As Frankenstein digs up graves and patches together body parts for her monster, the story is spliced with cabaret-style dances, narration from a flamboyant sea captain (co-creator Maggie Mascal) and SNL-style skits about the gentrification of Portland. And Mary Shelley (played by the very pregnant co-creator Laura Christina Dunn) explains throughout how her classic relates to society today.
The show begins in darkness, with audio recordings of women talking about their struggles with gender expectations. One voice talks about wanting to wear tight pants simply because she loves her "booty", but feeling judged for looking desperate. Another says she felt like a slut for initiating sex with her boyfriend.
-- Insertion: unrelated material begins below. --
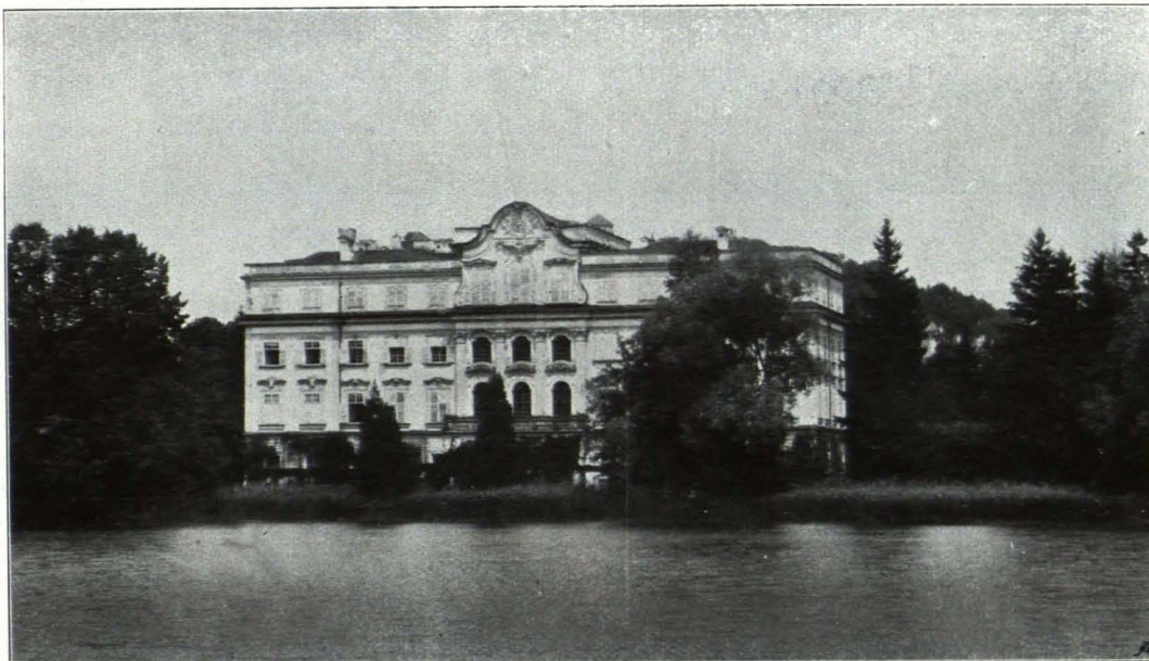
Fig. 273 Leopoldskron. Ansicht von Süden (S. 308)

Östliche Schmalfront (Fig. 272): Gliederung, Fensterformen und Umrahmungen entsprechen denen der beiden Seitenrisalite im N. In jedem der vier Geschosse vier Fenster. Im Hauptteile an den Ecken und in der Mitte je eine Lisene. Entsprechende Lisenen im III. Stockwerke.

What follows is a cabaret hosted by the sexually-liberated captain, who gets turned on by things like Dead Poet's Society references. The episodic numbers alternate between drama, comedy and dance, all accompanied by a ukulele, banjo, guitar, drum, cello and tambourine playing a dark folk soundtrack. Two actresses trade off playing Shelley's monster, wearing a only nude thong, a mask and body paint in asymmetrical blobs of green and blood red.
The show is dark, explicit, and one of the funniest treatments of gender politics you'll see outside of a comedy club (or inside). Some of the Portland in-jokes are overwrought, especially a rant about the remodelling of Southeast Division Street. But the Captain's in-your-face comedy carries, like when she jokes about Portland's love of things like bacon- and lavender-infused bourbon.
The pregnant Dunn glows with sincerity and spunk, delivering a haunting strip-tease near the beginning where she croons a chant-like song about being the master of life, not a servant. As she sings, Dunn pulls pages of a novel off her skin to reveal her pregnant belly, covered in red glitter.
Although the theme of Portland's nouveau-posh culture comes off as heavy-handed, Frankenstein both wins laughs and provokes thought about women's issues. What Broken Planetarium has crafted is a wonderfully avant-garde variety show that caters to literary nerds, female-identifying activists and anyone who likes a good mindfuck with banjo accompaniment. Amid the fun, it goads us: look on your own monstrous desires.
GO: The Steep and Thorny Way To Heaven, SE 2nd Ave., & Hawthorne Blvd.. 8 pm Wednesday, Jan. 20 & Saturday, Jan. 23, 10 pm Thursday-Friday, Jan. 21-22 and 2 pm Sunday, Jan. 24. Individual tickets sold out.